*** Source data

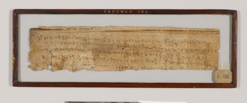 1 pane of glass containing 1 papyrus fragment ; 3 x 12 inches
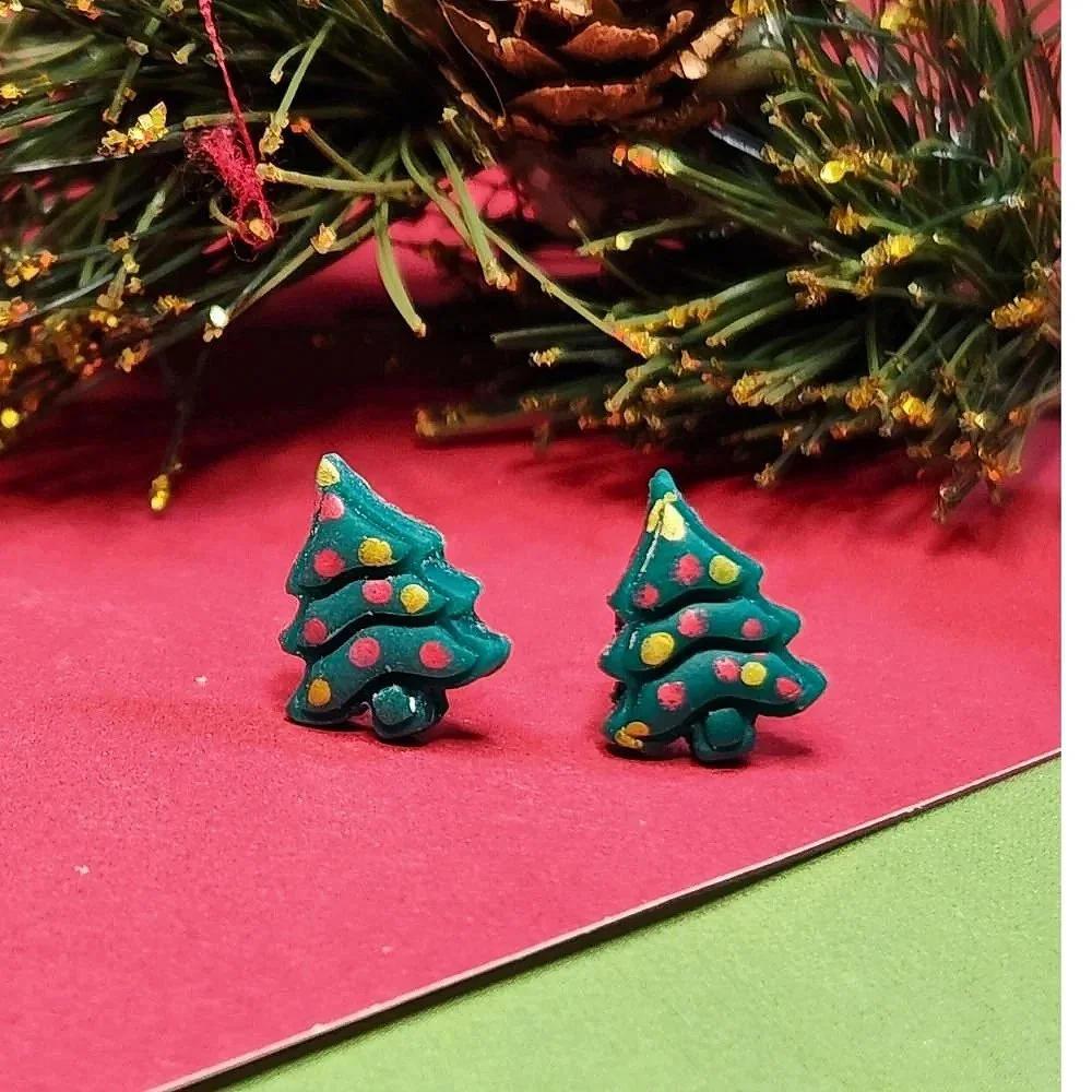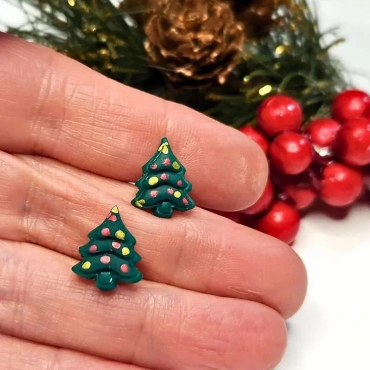 These whimsical earrings are handcrafted from polymer clay, featuring a delightful evergreen tree design adorned with colorful ornaments. Crafted with stainless steel stud posts, they’re comfortable to wear and nickel-free, making them a safe and stylish choice for all-day wear.
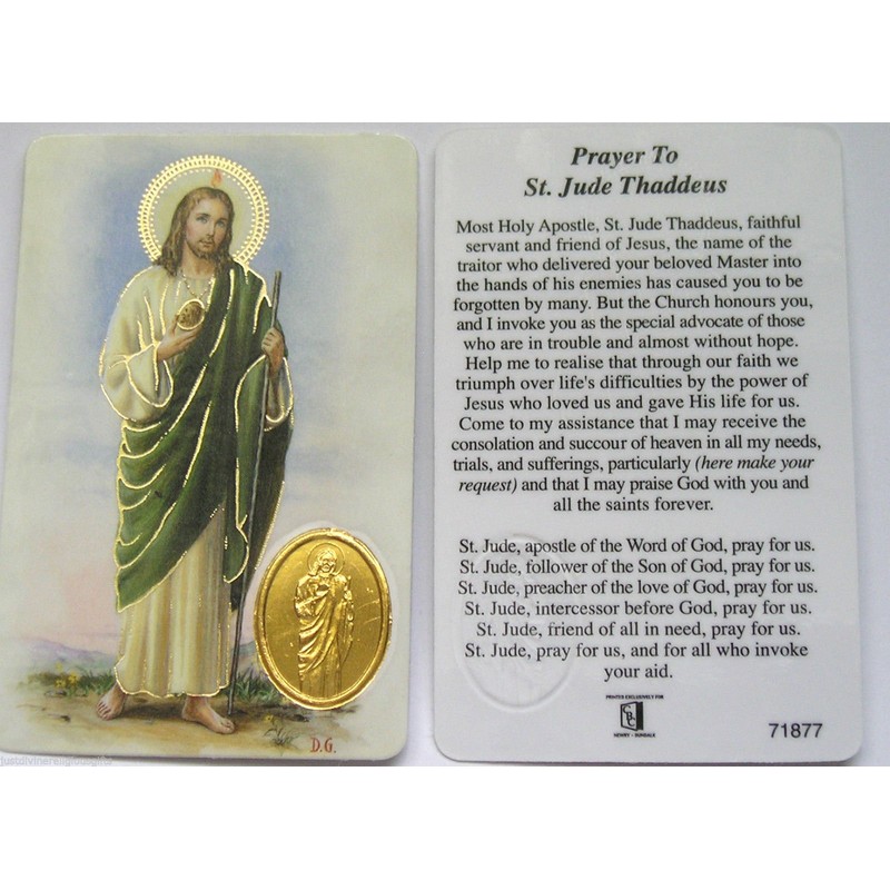 Prayer Card ST Jude Gold Foil Medal & Highlights

******

Assignment –
Transcribe the material exactly, keeping every word and none of the pictures.

Exercise output –
 1 pane of glass containing 1 papyrus fragment ; 3 x 12 inches
 These whimsical earrings are handcrafted from polymer clay, featuring a delightful evergreen tree design adorned with colorful ornaments. Crafted with stainless steel stud posts, they’re comfortable to wear and nickel-free, making them a safe and stylish choice for all-day wear.
 Prayer Card ST Jude Gold Foil Medal & Highlights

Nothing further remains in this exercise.